Zhipu’s profitability prospects are uncertain. In 2025, it plans to invest 3.18 billion yuan in research and development, four times its revenue of 724 million yuan, resulting in a decrease in shareholder equity from -395.5 million to -811.1 million yuan. Analysts predict that Zhipu may not start making a profit until 2029, and there are doubts about the accuracy of its revenue figures. The company includes monthly payments from large enterprises in its ARR (Annual Recurring Revenue), but these orders could be canceled due to strategic changes, potentially inflating these figures. Moreover, the technical barriers in the programming industry are not insurmountable; many domestic companies can create decent programming models, and Zhipu does not have a unique advantage. Additionally, unlike Anthropic, which has diverse use cases for its models, Zhipu sells only models, limiting its revenue streams.

4. The July Share Release: A Potential Threat

Zhipu went public in January 2026, with major shareholders and cornerstone investors having a six-month lock-up period, which will expire in July. These shareholders have seen their investments increase by more than tenfold and are highly motivated to sell their shares. The situation is exacerbated by the overall peak in share releases in the second half of the year (over HK$100 billion from cornerstone investors between June and August), potentially putting significant pressure on Zhipu’s stock price. While companies with solid fundamentals can stabilize after share releases, Zhipu’s current lack of profitability raises doubts about whether its high valuation is justified. Even if it achieves a profit of 3.5 billion yuan in 2029 (at a PE ratio of 60), its market value would only be 210 billion yuan, 40% lower than the current 700 billion.

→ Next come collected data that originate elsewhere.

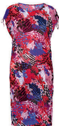
Art. 8620.554 Lucca S-XL 69,95 €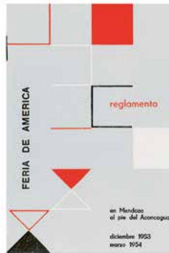
Fig. 9. Reglamento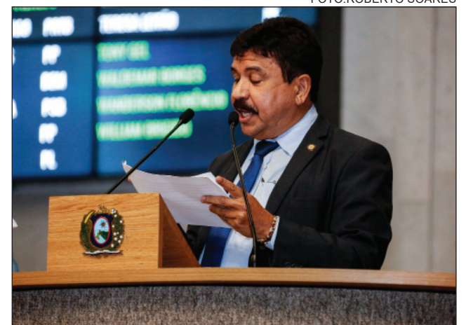
QUÓRUM - Requerimento dele foi rejeitado na Ordem do Dia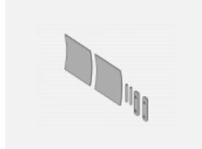
121-00200, N Direkter Verbinder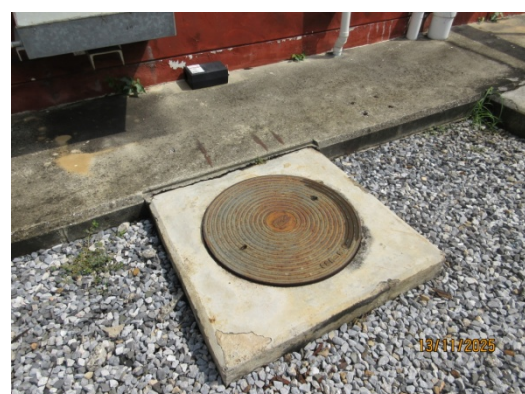
รูปที่ 8 ถังบำบัดน้ำเสียสำเร็จรูป

รูปที่ 3.1-1 ภาพถ่ายแสดงการปฏิบัติตามมาตรการป้องกันและแก้ไขผลกระทบสิ่งแวดล้อม โรงไฟฟ้าพลังความร้อนร่วมบางปะอิน บริษัท บางปะอิน โกลเดนเนอเรชั่น จำกัด (ต่อ)

5. Long-Term Risks: Vulnerability to Competition

Zhipu’s position as the leading programming company in China is not secure. Competitors like DeepSeek and Tongyi Qianwen could soon release better models. If Kimi, which focuses on Agent applications, releases a new model with larger parameters, it may attract more attention in the programming industry. Kimi also has a broader range of C-side Agent use cases (such as intelligent assistants) compared to Zhipu, which relies solely on its programming solutions. Furthermore, both Kimi and Jieye Xingchen could go public in the second half of the year, reducing Zhipu’s uniqueness. With rapid model iteration expected over the next three years, today’s advantages may become obsolete soon.

Conclusion

Zhipu AI’s market value surge is a result of its focus on the promising programming industry during the AI boom. However, the high valuation is supported by hopes for future growth rather than current financial performance. Investors should be cautious: if these issues are not resolved, the stock price could experience a significant drop after the share release. Whether Zhipu can realize its potential value in the long term depends on its ability to overcome computing power constraints and establish a sustainable profit model.